» **WORK REQUEST**: Beginning with the line that holds "2.先把冷大米飯倒入鍋中,加入清水後加蓋大火燒開後轉小火煮。", copy each line to the end of the records exactly, except the pictures.

» **DATA SUPPLIED**:
........

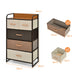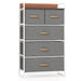 A multifunctional and nice-looking organizer unit for your home! This dresser storage tower with 4/5 foldable drawers will organize your items in good order to maximize your space and make your room tidy. High-grade fabric drawers can keep things in good condition and are more durable. The modern style allows the dresser to blend with any home decor easily. It is perfect for bedrooms, nursery rooms, laundry rooms, living rooms, hallways, closets, etc. As for the quality, the cabinet is made of sturdy steel frame and durable MDF top, ensuring strong stability and long-lasting use. And the wooden top is smooth and waterproof for easy cleaning. Featuring a lightweight and compact design, this 4-drawer dresser chest stand is portable, and easy to move and assemble. If you are looking for such a product, don't hesitate to place an order! Large Capacity and Premium Fabric: Equipped with 4/5 foldable and removable drawers of 2 different sizes, this dresser provides large space for you to store items by type, including clothes, toys, scarves, socks, etc. to make your room neat. Moreover, the drawers are made of high-quality fabric, which is breathable, non-toxic and durable. Sturdy Iron Frame and Wooden Top: Supported by a heavy-duty iron frame, this closet cabinet ensures great sturdiness without any wobbliness. The adjustable foot pads can protect the floor from scratches while enhancing stability. Besides, a spacious and waterproof wooden top provides a safe place for holding cups, plants, clocks, etc. Chic and Practical Home Organiser: This 4/5-drawer storage dresser combines utility function with an elegant look, which makes it an ideal addition to your home. And this drawer tower only takes up small space while providing plenty of storage space, which can work anywhere in your home, like bedroom, nursery room, living room, or entryway. Thoughtful Details and Easy to Move: Each drawer is equipped with a solid wood handle for opening and closing more easily. The anti-toppling device and anti-drop blocking plate provide added stability and safety. Moreover, thanks to the lightweight design and rounded handle, you can move the dresser conveniently anywhere. Easy to Maintain and Install: Thanks to the waterproof wooden top and washable fabric drawers, this chest of drawers is easy to clean with a damp cloth. According to the detailed installation manual included, you can easily finish the assembly of this storage unit.
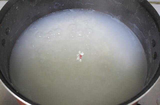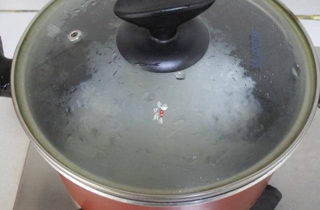 2.先把冷大米飯倒入鍋中,加入清水後加蓋大火燒開後轉小火煮。
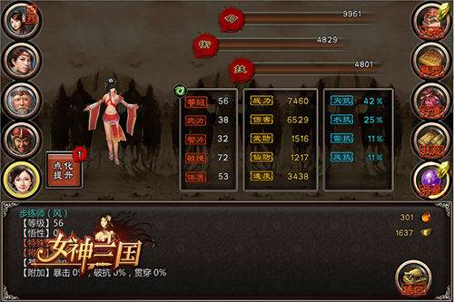 步练师在孙权众夫人之中最受宠爱,性不妒忌,多所推进。在《女神三国》中,她同样非常受广大玩家的喜爱,先不说其作为银像投资的高回报,单单她的技能凤乎舞兮的混乱效果,都能给玩家带来非常大的作用,配合主角仙术八门金锁的眩晕效果,一旦命中即能够100%的进行混乱,非常好用。因此有玩家直接将步练师升金,也有的把步练师的技能抽出来搭配阴风锁魂的虚弱效果来使用,过图打怪,谁用谁知道!
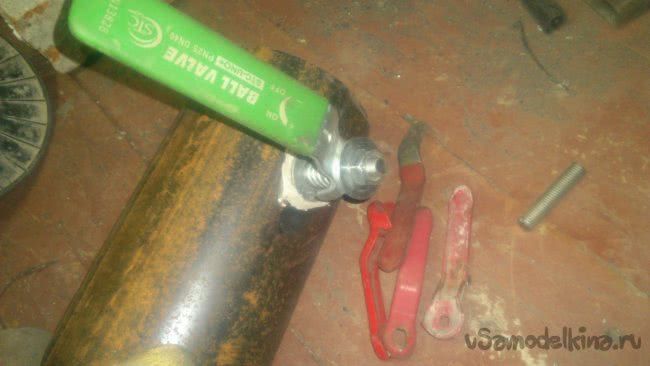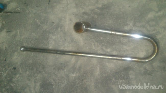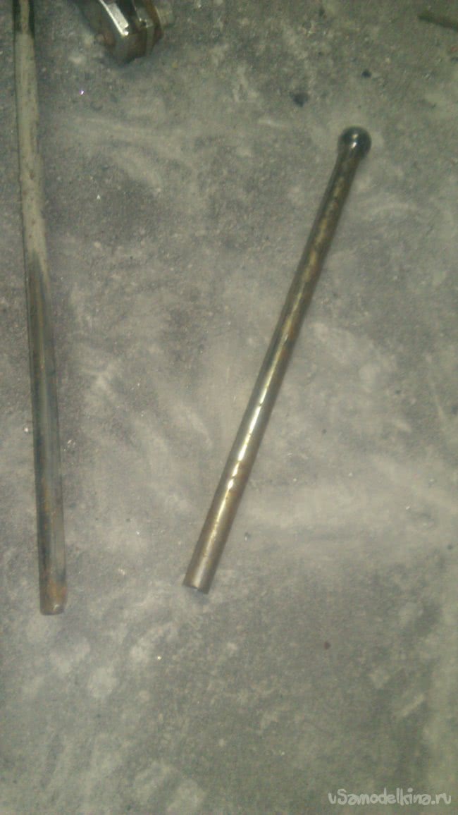 На глаза попался ржавый остаток какой-то вешалки. И я решил отрезать кусок трубки с шариком на конце, и, впоследствии, одеть на рукоятку запора топки и прихватить сваркой... Для красоты.)))
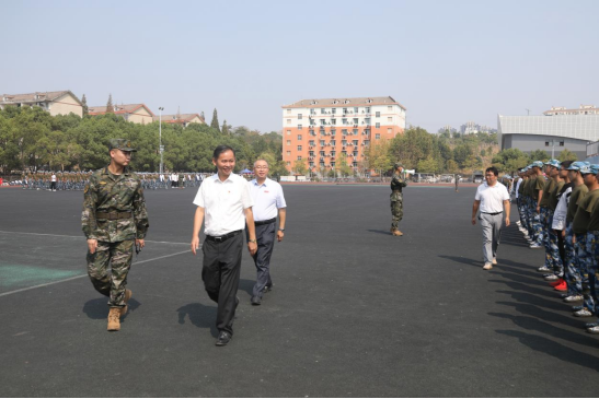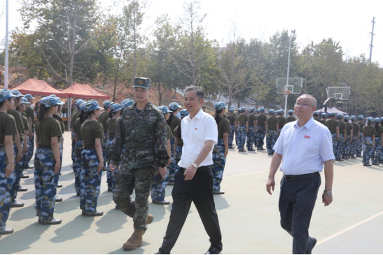 9月29日上午,校党委书记赵伟、校长陈小林来到主校区丹枫园军训场看望慰问正在军训的开元2022级新生、教官和教职工。
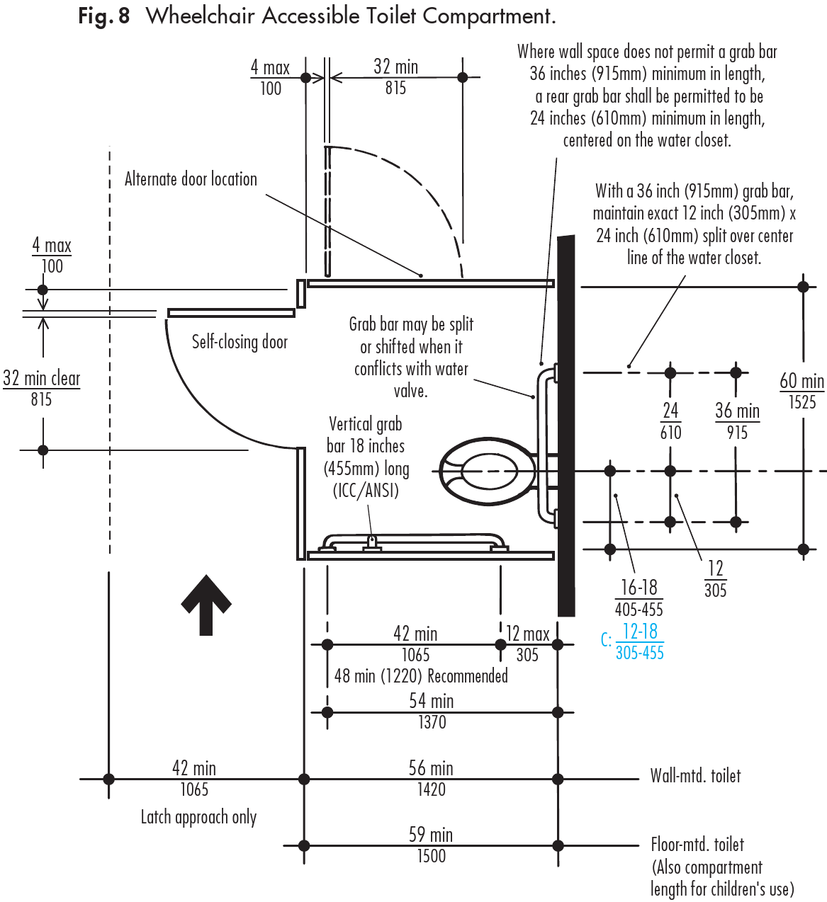 Fig.8 Wheelchair Accessible Toilet Compartment - from http://www.bobrick.com/Documents/PlanningGuide.pdf
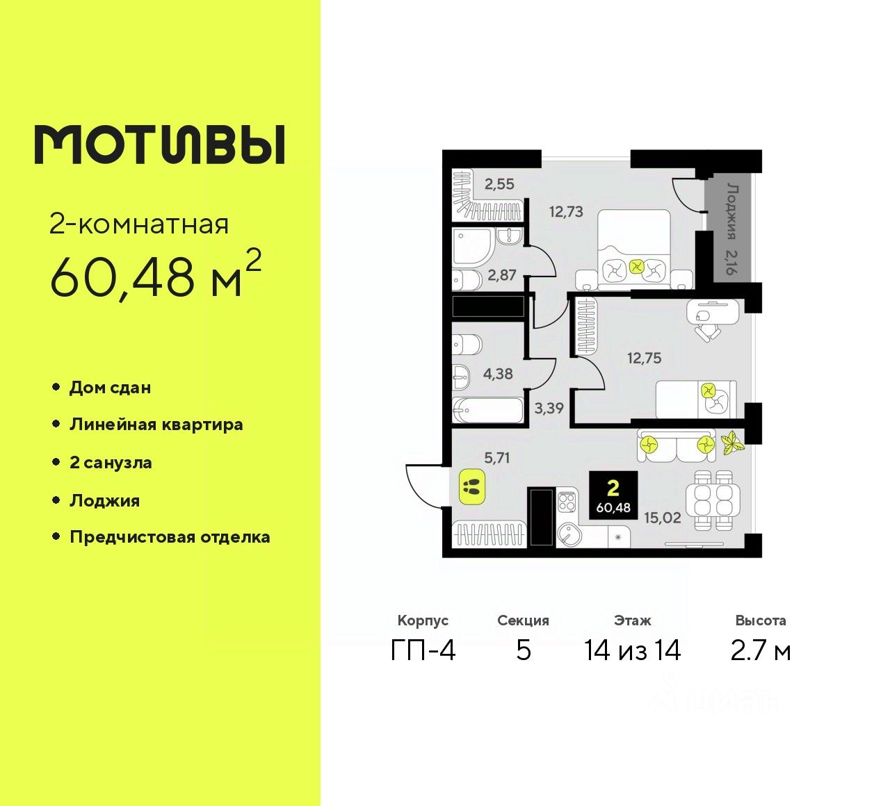 2-комн. квартира от застройщика с предчистовой отделкой в ЖК "Мотивы" на 14 этаже. Общая площадь: 60.48 кв.м., жилая: 25.48 кв.м., площадь просторной кухни-столовой: 15.02 кв.м. Комнаты изолированные, все окна выходят на одну сторону. В квартире одна лоджия, два совмещенных санузла. Высота потолков 2.7 м.

........

» **TASK SOLUTION**:
 2.先把冷大米飯倒入鍋中,加入清水後加蓋大火燒開後轉小火煮。
 步练师在孙权众夫人之中最受宠爱,性不妒忌,多所推进。在《女神三国》中,她同样非常受广大玩家的喜爱,先不说其作为银像投资的高回报,单单她的技能凤乎舞兮的混乱效果,都能给玩家带来非常大的作用,配合主角仙术八门金锁的眩晕效果,一旦命中即能够100%的进行混乱,非常好用。因此有玩家直接将步练师升金,也有的把步练师的技能抽出来搭配阴风锁魂的虚弱效果来使用,过图打怪,谁用谁知道!
 На глаза попался ржавый остаток какой-то вешалки. И я решил отрезать кусок трубки с шариком на конце, и, впоследствии, одеть на рукоятку запора топки и прихватить сваркой... Для красоты.)))
 9月29日上午,校党委书记赵伟、校长陈小林来到主校区丹枫园军训场看望慰问正在军训的开元2022级新生、教官和教职工。
 Fig.8 Wheelchair Accessible Toilet Compartment - from http://www.bobrick.com/Documents/PlanningGuide.pdf
 2-комн. квартира от застройщика с предчистовой отделкой в ЖК "Мотивы" на 14 этаже. Общая площадь: 60.48 кв.м., жилая: 25.48 кв.м., площадь просторной кухни-столовой: 15.02 кв.м. Комнаты изолированные, все окна выходят на одну сторону. В квартире одна лоджия, два совмещенных санузла. Высота потолков 2.7 м.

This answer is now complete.